Osteoarthritis and the rheumatic pains that result from this type of joint damage, are quite a common problem. People frequently complain that their arthritic knee pain is worse in cold or damp weather and this demonstrates quite clearly the origin of the concept of pathogens in traditional Chinese medicine. The pathogen in osteoarthritis is almost always cold or damp and therefore these pains should be treated by the use of localized heat.

A great deal of research work has been done to investigate the effects of acupuncture on the pain caused by osteoarthritis. Some of this work is excellent but, for a variety of technical reasons, some is poor. Clinical trials have been completed on knee, hip, elbow, neck and lower back pain, and the information from these trials shows that significant pain relief can be achieved in about 70 per cent of those who receive acupuncture. Some work suggests that only 50 per cent of people benefit from acupuncture while other trials show 95 per cent of the patients benefiting.

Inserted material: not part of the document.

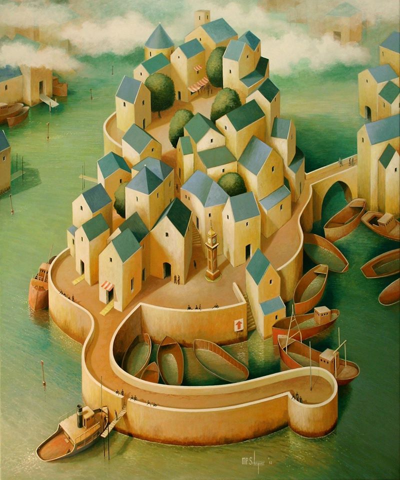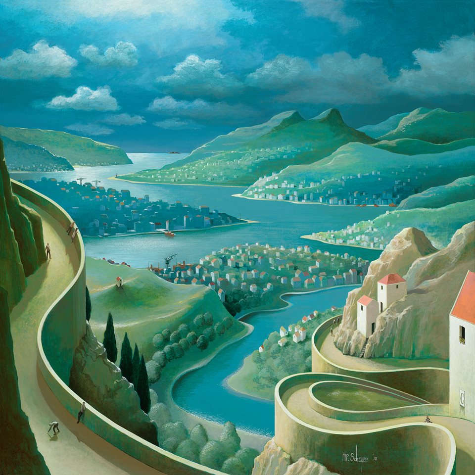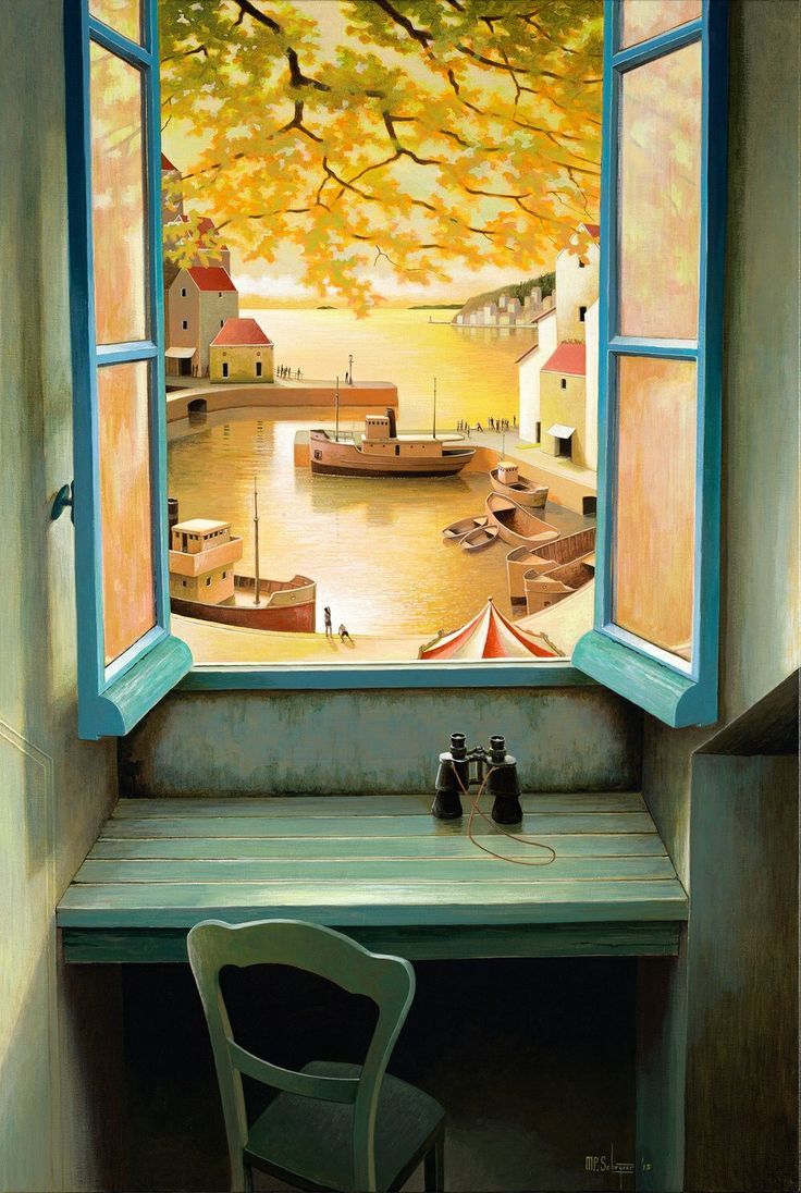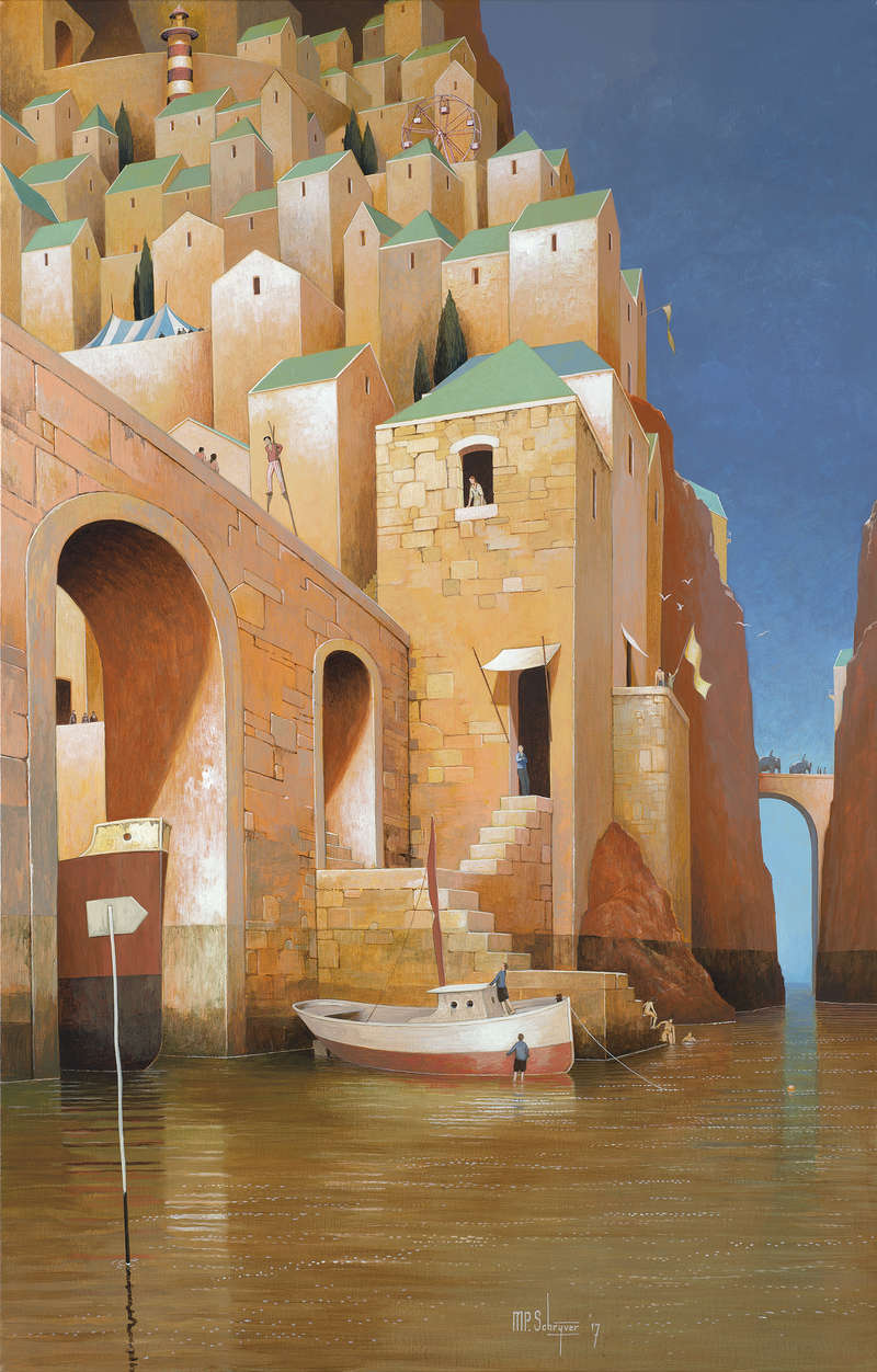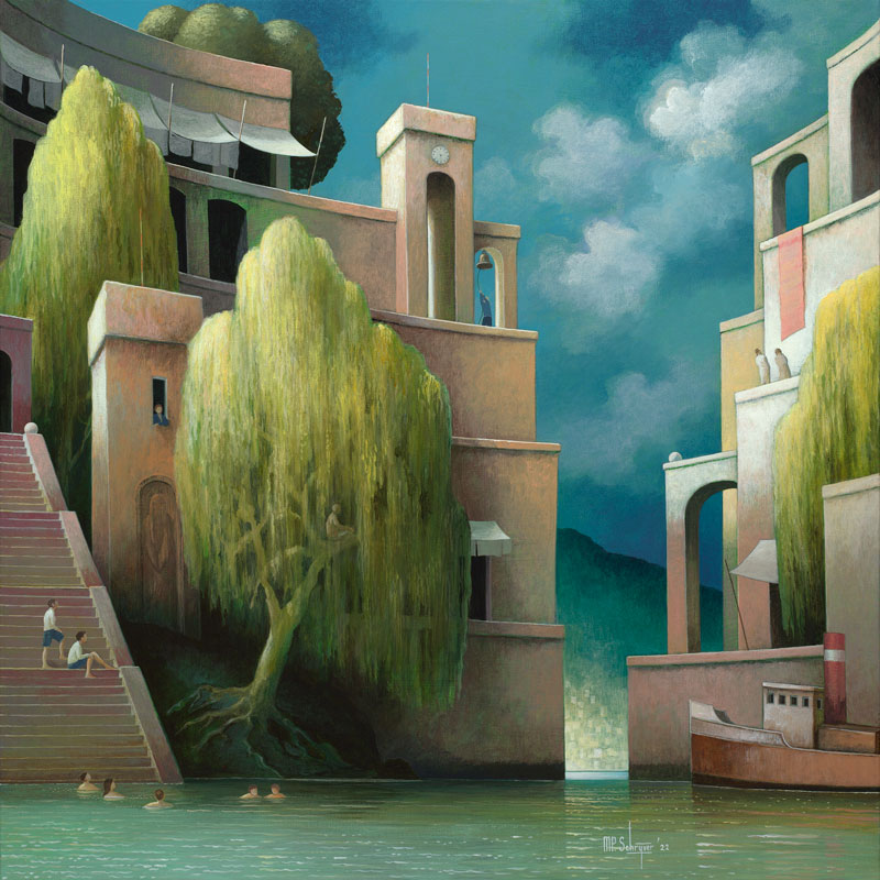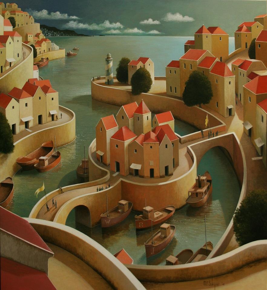 I discovered Michiel Schrijver (Dutch, born 1957) through his painting Silence of the sea, 2013, via this FB post:
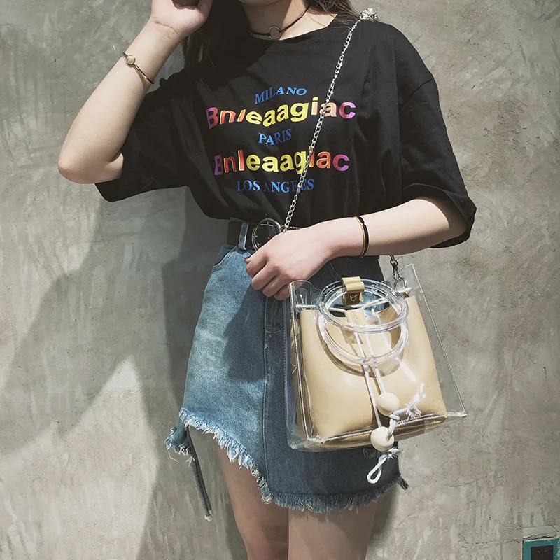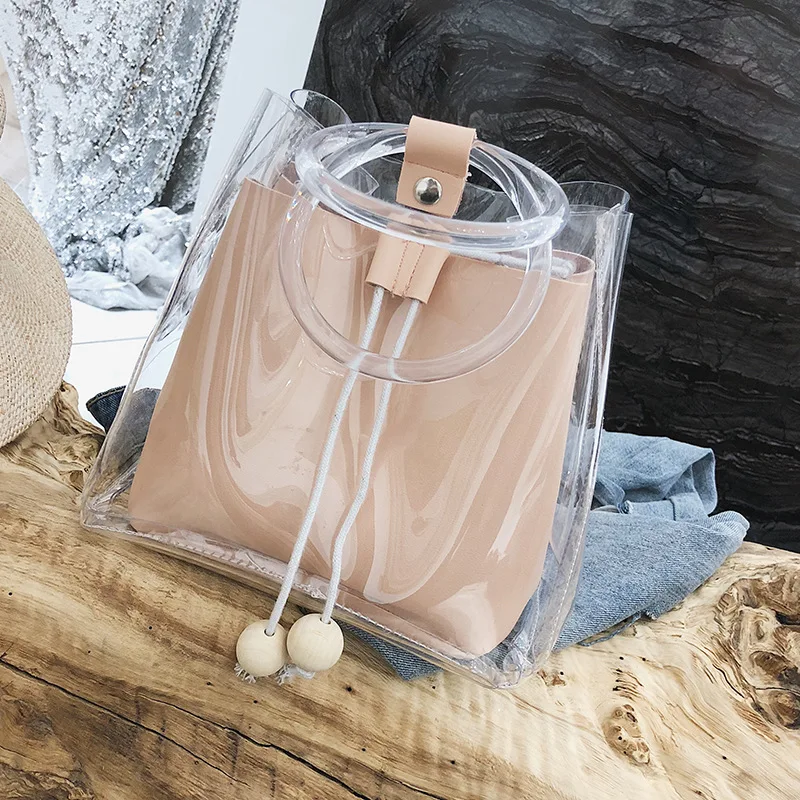 Jelly Clear Transparent Handbag:beach tote travel

The effect of acupuncture in osteoarthritis pain does not last for ever, the available research showing that its effects gradually diminish after about six to nine months. Some people may have significant pain relief for up to two years, but the majority of people who gain relief from acupuncture will require further treatment after about six months. Treatment is usually just as effective on the second or third occasion as it was initially.

Osteoarthritis is a condition that naturally causes intermittent pain and discomfort. Patients may find that their osteoarthritis knee is relatively painless for nine months and then goes through a painful period for a further six months. For this reason the effects of any treatment must be compared to the natural history of the disease process and this can cause difficulty in interpreting the results of individual treatments. Acupuncture also has a 'magical quality' that pills do not have, so it is difficult to sort out the effects of the 'magic' as compared to the real effects of acupuncture. In spite of these problems, acupuncture is a safe and effective form of treatment for osteoarthritis.

Acupuncture as an adjunctive therapy in osteoarthritis of the knee

A randomized and controlled study was performed in order to determine whether acupuncture provides greater pain relief and improved function compared with sham acupuncture or education in patients with osteoarthritis of the knee. For the 570 patients with osteoarthritis of the knee, 23 real acupuncture sessions were given over 26 weeks and 23 sham acupuncture sessions were given over 26 weeks. The primary outcomes were changes in the Western Ontario and McMaster Universities Osteoarthritis Index (WOMAC) pain and function scores at 8 and 26 weeks. The secondary outcomes were patient global assessment, 6-minute walk distance, and physical health scores of the 36-Item Short-Form Health Survey (SF-36).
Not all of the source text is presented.